Habib Manzil fronts Railway Road with a narrow lane running down one side. This alley is now called Krishna Street. Across the street was the house of Lala Bheek Chand, who was the same age as my grandfather and good friends with him. That house was also still there and I knew this was my passport to the past because Lala Ji's family was certain to still be living there. Like my grandfather's home, this too had stores at street level.

I walked into Krishna Street and paused at the main entrance of Habib Manzil. If the front was ornate, the side of the brick and mortar home looked pretty solid: my grandfather had made this home to be lived in by many generations. But I did not enter; I walked on with my diary in my hand, because in it I carried instructions from my mother to get from Habib Manzil to her father's home in Mohallah Punj Pir.

Krishna Street ended about 30 yards behind the home and turned left. From there a short walk in the direction of Chahar Bagh brought me to a small crossing where, so my mother had said, I was to climb an incline that was known as dhiki. In the intervening 60 years, things had changed somewhat. Now there was a greater maze of alleys and more houses. But once on the dhiki, I turned right per instructions and saw the small crossing beyond which stood a house with lanes on three sides.

That was the distinguishing feature, my mother had said to me in Lahore, because there was no other house with lanes running down three sides. There was also a marble plate above the main entrance saying 'Munshi Qutubuddin, Naqsha Navees'. That was my mother's grandfather, who had retired as a draughtsman in a government department. Because my parents were cousins, he was also my paternal grandmother's father.

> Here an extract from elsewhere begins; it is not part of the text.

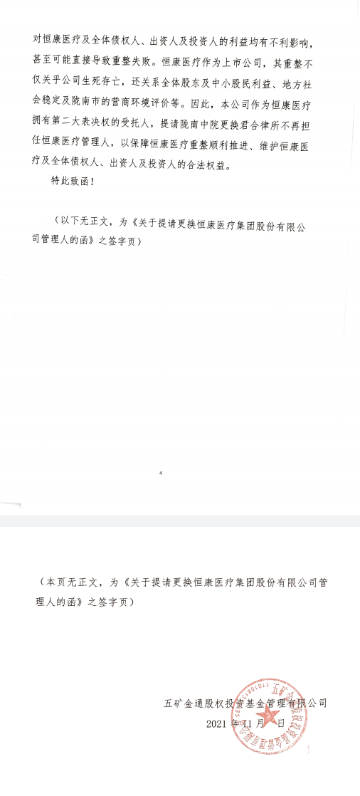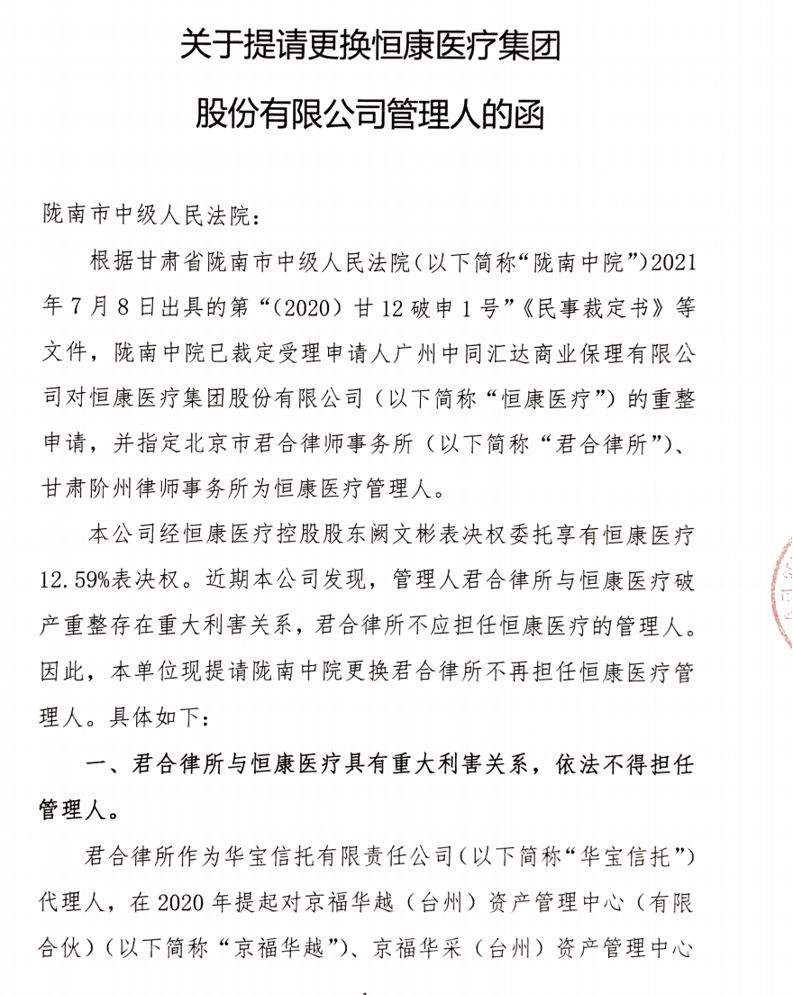 界面新闻11月16日独家获悉,作为*ST恒康实际上的第二大股东、同时也是*ST恒康破产重整联合投资人的五矿金通股权投资基金管理有限公司(以下简称“五矿金通”)已向甘肃省陇南市中级人民法院发出《关于提请更换恒康医疗股份有限公司管理人的函》,认为目前法院指定的两位*ST恒康破产重整管理人之一的北京市君合律师事务所(以下简称“君合律所”)“与*ST恒康破产重整存在重大利害关系”。君合律所不应担任管理人,提请进行更换。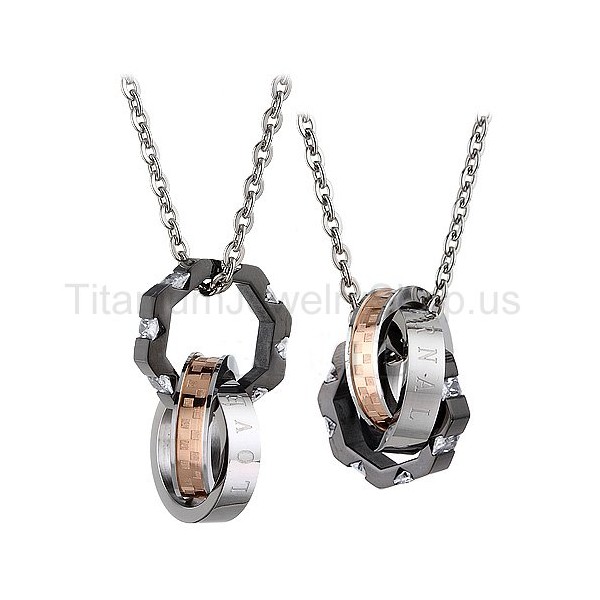 Metal: Titanium His size: 4/5" x 4/5" His size: 1" x 1" Chain: Titanium, 20"

But the plate was no longer there. I back-tracked looking for another house with lanes on three sides. There being no other I came back. My knock brought out a man in his late twenties. This was Sanjeev Malhotra. I introduced myself and told him the purpose of my visit. Immediately I was invited in. With some excitement, he announced to the family that I had come from Lahore to see my mother's ancestral home. As he showed me around, I felt a pang of uncertainty: my mother had said the home was 17 marlas and this one seemed much too small.

Sanjeev said their home was only about 10 marlas. This, then, was not where my mother was born and had spent her early life. Normally I would have bolted at this stage, but something kept me there and as I was being escorted around upstairs, Sanjeev called Ram Saroop, his elder brother, and told him about the visitor from Lahore. I was put on the phone and this good man said the house that his father was allotted after the partition was indeed 17 marlas. Over time they had cut up the house, retained nine marlas and sold off the rest.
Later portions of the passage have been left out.